Where Pith is reading between the lines
- Edge and local deployments with tight VRAM can now mix short and long requests without hardware upgrades.
- Ranking-focused prediction may allow similar lightweight proxies for other ordering policies such as priority or deadline scheduling.
- Periodic retraining on fresh conversation logs will likely be needed when workload domains shift.
Load-bearing premise
The reported 62-96% ranking fidelity of the lexical XGBoost model is high enough to produce the claimed end-to-end latency reductions when used to order admissions.
What would settle it
Deploy the proxy on a serial backend with a recorded mixed workload, measure actual response lengths and queue latencies, and check whether short-request P50 latency falls by 70-76% under the same 100-request queue pressure.
Figures
read the original abstract
Serial LLM inference backends -- such as Ollama -- process requests one at a time under FCFS admission, causing Head-of-Line Blocking (HOLB) under mixed workloads at high utilisation: short factual queries can be delayed by minutes behind long generation jobs. While cloud-scale deployments mitigate HOLB via continuous batching (vLLM, Orca), these solutions require tens of GB of VRAM for concurrent KV-caches -- infeasible for memory-constrained edge and local deployments that rely on serial request dispatch. We present \clairvoyant, a drop-in sidecar proxy for any serial OpenAI-compatible backend (e.g., Ollama, llama.cpp). \clairvoyant predicts response length from 19 lightweight lexical features via an ONNX-exported XGBoost classifier, achieving 0.029\,ms per-request latency (four orders of magnitude below typical generation time). Because admission scheduling depends on relative ordering rather than exact prediction, the system optimises ranking fidelity, achieving 62--96\% in-distribution and 52--66\% cross-distribution accuracy across natural conversation datasets. We find that curated instruction datasets are degenerate training sources for length prediction: GPT-imposed brevity constraints reduce Long-class representation to under 0.02\% of examples, making natural conversation logs the only viable training source. End-to-end GPU benchmarks on an RTX~4090 show 70--76\% P50 latency reduction for short requests under maximum queue pressure (100 concurrent requests) and 17\% under steady-state Poisson arrivals ($\rho=0.74$). \clairvoyant is open-source and requires no modifications to the inference backend.
Editorial analysis
A structured set of objections, weighed in public.
Referee Report
Summary. The paper presents Clairvoyant, a drop-in sidecar proxy for serial OpenAI-compatible LLM backends (e.g., Ollama) that uses an ONNX-exported XGBoost classifier on 19 lightweight lexical features to predict response lengths and enable SJF-style admission ordering. This aims to mitigate head-of-line blocking for short requests under mixed workloads. Key claims include 0.029 ms per-request prediction latency, 62--96% in-distribution and 52--66% cross-distribution ranking accuracy, and end-to-end GPU benchmark results on an RTX 4090 showing 70--76% P50 latency reduction for short requests at maximum queue pressure (100 concurrent) and 17% under steady-state Poisson arrivals (ρ=0.74). Natural conversation logs are identified as the only viable training source due to degeneracy in curated instruction datasets.

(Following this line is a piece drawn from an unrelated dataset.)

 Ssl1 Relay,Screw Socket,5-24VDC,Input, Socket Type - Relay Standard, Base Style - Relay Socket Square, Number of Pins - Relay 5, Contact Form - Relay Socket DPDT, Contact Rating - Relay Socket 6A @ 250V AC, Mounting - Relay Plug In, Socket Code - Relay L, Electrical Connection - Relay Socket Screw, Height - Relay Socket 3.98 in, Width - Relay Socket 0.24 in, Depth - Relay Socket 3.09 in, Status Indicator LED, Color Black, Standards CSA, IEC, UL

Significance. If the empirical results hold under scrutiny, this work provides a practical, low-overhead approach to improving responsiveness in memory-constrained local/edge LLM deployments where continuous batching is infeasible. The emphasis on ranking fidelity (rather than exact length prediction) and the open-source release are notable strengths. The identification of training data issues with instruction datasets is a useful observation for the community.
major comments (2)
- [Abstract and §5 (benchmarks)] The central end-to-end latency claims (70--76% P50 reduction under queue pressure and 17% under Poisson) rest on benchmarks whose experimental setup, number of runs, statistical significance, error bars, and data exclusion rules are not detailed in the reported results. This directly affects verifiability of the claim that the reported ranking fidelity produces the observed gains.

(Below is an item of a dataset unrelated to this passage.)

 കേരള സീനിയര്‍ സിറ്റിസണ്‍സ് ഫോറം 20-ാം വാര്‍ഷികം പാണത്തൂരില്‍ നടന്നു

- [§4 (model evaluation) and §5 (end-to-end)] No ablation or sensitivity analysis is provided to demonstrate that the 62--96% in-distribution ranking fidelity is sufficient to deliver the claimed latency reductions when used for admission ordering, nor how performance degrades with lower fidelity (e.g., the 52--66% cross-distribution case).
minor comments (1)
- [Abstract] The abstract states concrete numerical results but does not reference the specific tables or figures containing the underlying data; cross-references would improve traceability.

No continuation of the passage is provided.